* _YOUR OBJECTIVE_
Write out again, exactly, the lines below starting at the one with "Fig. 2. Successful" and ending at the one with "Open surgical interventions".

(DATA EXCERPTS begins)

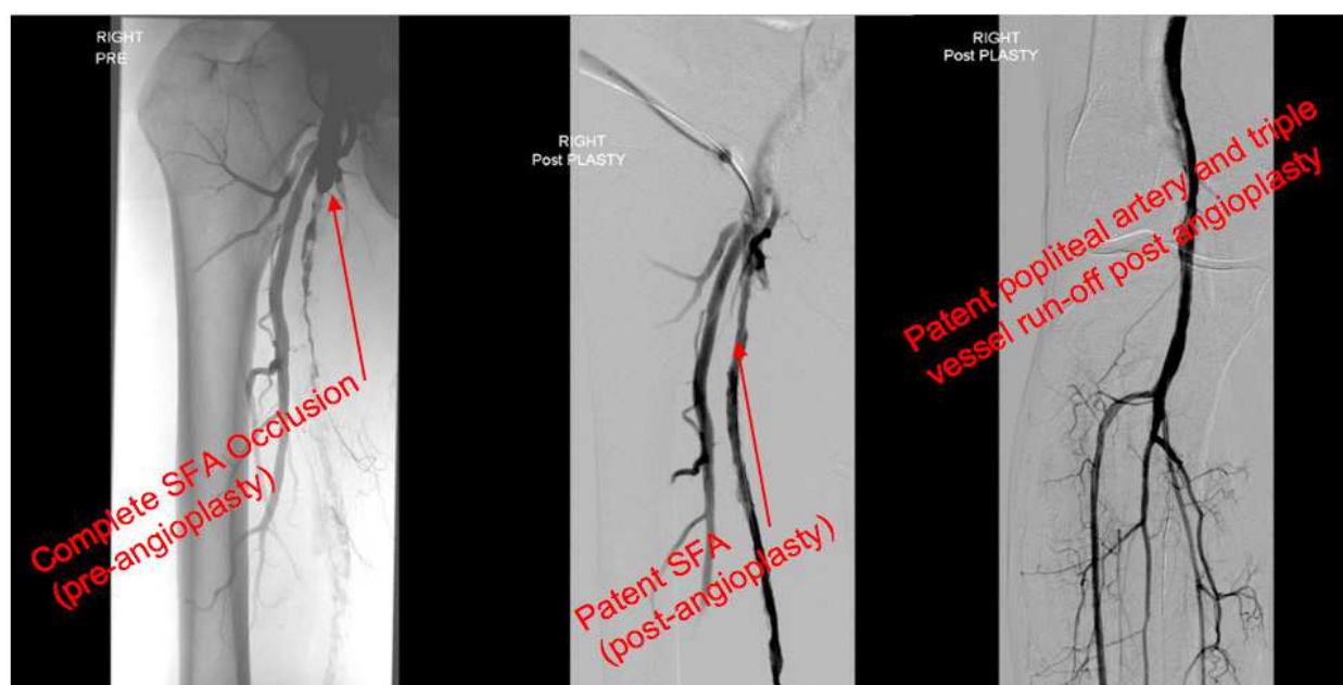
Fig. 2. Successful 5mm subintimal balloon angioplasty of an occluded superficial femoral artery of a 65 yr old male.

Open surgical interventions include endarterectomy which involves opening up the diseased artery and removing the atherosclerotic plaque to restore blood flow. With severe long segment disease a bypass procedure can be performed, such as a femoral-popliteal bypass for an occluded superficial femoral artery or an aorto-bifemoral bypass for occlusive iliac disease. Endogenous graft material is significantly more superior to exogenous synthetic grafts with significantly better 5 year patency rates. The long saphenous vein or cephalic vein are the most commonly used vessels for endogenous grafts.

(DATA EXCERPTS ends)
(DATA EXCERPTS begins)

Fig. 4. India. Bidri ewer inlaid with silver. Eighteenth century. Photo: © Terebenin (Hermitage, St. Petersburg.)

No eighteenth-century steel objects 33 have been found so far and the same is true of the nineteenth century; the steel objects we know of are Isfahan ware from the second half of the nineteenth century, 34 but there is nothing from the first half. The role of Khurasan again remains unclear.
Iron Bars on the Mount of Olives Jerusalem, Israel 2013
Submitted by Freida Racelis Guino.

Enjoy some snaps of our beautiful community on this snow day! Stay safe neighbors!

(DATA EXCERPTS ends)
(DATA EXCERPTS begins)

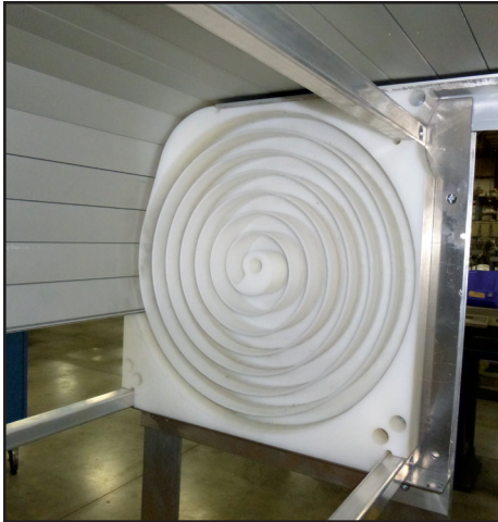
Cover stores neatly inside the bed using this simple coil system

(DATA EXCERPTS ends)

* _SOLUTION FOR THIS TASK_
Fig. 2. Successful 5mm subintimal balloon angioplasty of an occluded superficial femoral artery of a 65 yr old male.

Open surgical interventions include endarterectomy which involves opening up the diseased artery and removing the atherosclerotic plaque to restore blood flow. With severe long segment disease a bypass procedure can be performed, such as a femoral-popliteal bypass for an occluded superficial femoral artery or an aorto-bifemoral bypass for occlusive iliac disease. Endogenous graft material is significantly more superior to exogenous synthetic grafts with significantly better 5 year patency rates. The long saphenous vein or cephalic vein are the most commonly used vessels for endogenous grafts.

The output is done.